Tampoco faltaría el relato de la tierna compensación a sus tristezas y dolores que le deparó la vida concediéndole el premio de felicidad y sostén moral de una compañera incomparable, la madre de su hijo, la abuela de sus dos nietecitas, con la que formó ese hogar sostenido por lo general entre inenarrables milagros de la economía doméstica, en los que ella, con su inteligencia y su diligencia, su exquisito tacto, su cultura, su buen sentido, su múltiple actividad de infinitos recursos, actúa como principal demiurgo.
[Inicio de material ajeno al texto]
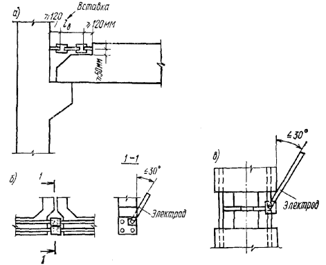 Рис. 89. Размеры крюков на концах стержней рабочей арматуры 5.12. Размеры крюков для анкеровки гладких стержней арматуры должны приниматься в соответствии с рис. 89. Сварные соединения арматуры5.13(5.32). Арматура из горячекатаной стали периодического профиля, горячекатаной гладкой стали и обыкновенной арматурной проволоки должна, как правило, изготовляться с применением для соединений стержней контактной сварки - точечной и стыковой, а также в указанных ниже случаях дуговой (ванной и протяженными швами) сварки. Типы сварных соединений арматуры должны назначаться и выполняться в соответствии с указаниями государственных стандартов и нормативных документов (см. табл. 34). Соединения, не предусмотренные государственными стандартами, допускается выполнять по рабочим чертежам, утвержденным в установленном порядке. 5.14(5.33). Контактная точечная сварка применяется при изготовлении сварных каркасов, сеток и закладных деталей с нахлесточными соединениями стержней. 5.15(5.34). Контактная стыковая сварка применяется для соединения по длине заготовок арматурных стержней. Диаметр соединяемых стержней при этом должен быть не менее 10 мм. Контактную сварку стержней диаметром менее 10 мм допускается применять только в заводских условиях при наличии специального оборудования. 5.16. Для соединения встык горизонтальных и вертикальных стержней диаметром 20 мм и более при монтаже арматуры и сборных железобетонных конструкций рекомендуется предусматривать ванную сварку в инвентарных съемных формах (поз. 3 табл. 34). Допускается в тех же условиях применение ванной сварки, ванно-шовной сварки и сварки многослойными швами с остающимися желобчатыми подкладками или накладками. 5.17. Проектирование сварных стыков арматурных стержней с применением инвентарных форм и других формующих элементов производится с учетом следующих требований: а) расстояния между стыкуемыми стержнями, а также расстояния от стыкуемых стержней до ближайшей грани железобетонного элемента должны назначаться с учетом возможности установки формующих элементов и удаления инвентарных форм. Размеры и способы установки инвентарных форм, желобчатых накладок, подкладок, а также расстояния между стыкуемыми стержнями следует принимать согласно нормативным документам по сварке. Расстояние от торцов стыкуемых выпусков до граней элементов (с учетом защиты бетона от перегрева) - не менее 120 мм (рис. 90,а); б) расположение стыкуемых стержней должно обеспечивать возможность ввода электрода под углом не более 30° к вертикали (рис. 90,б, в); в) зазоры между стыкуемыми стержнями при дуговой ванной сварке должны выполняться в соответствии с требованиями государственных стандартов и нормативных документов по сварке. При зазорах, превышающих максимально допустимые, соединение стержней допускается производить с применением промежуточного элемента - вставки из арматурного стержня того же диаметра и класса, что и стыкуемые стержни. При этом длина вставки lb принимается не менее 4d и не менее 150 мм (рис. 90,а). Рис. 90. Дуговая ванная сварка стержней а - соединение при помощи вставки; б - горизонтальный стык; в - вертикальный стык Таблица 34 Основные типы сварных соединений стержневой арматуры

Nos lo presentaría, finalmente, manifestándose y hasta confesándose en sus anécdotas, en sus episodios más significativos, en sus conversaciones, en sus juicios demoledores, en sus filosas ironías, en las exaltaciones literarias de su egolatría y en las afirmaciones olímpicas de su orgullo siempre erecto, cultivado (lo diré aunque sin duda le desagrade) casi a la manera de D'Annunzio, con quien se emparentaba en

Nietzsche, pero —claro está— más dignamente, sin su exuberancia histriónica y llevándole la no pequeña ventaja de no ser calvo ni exiguo de estatura.

Nosotros lo vemos de tal guisa que nos evoca las sombras de los sofistas griegos o, mejor, de los filósofos paripatéticos de Atenas en los tiempos del jardín de Academo.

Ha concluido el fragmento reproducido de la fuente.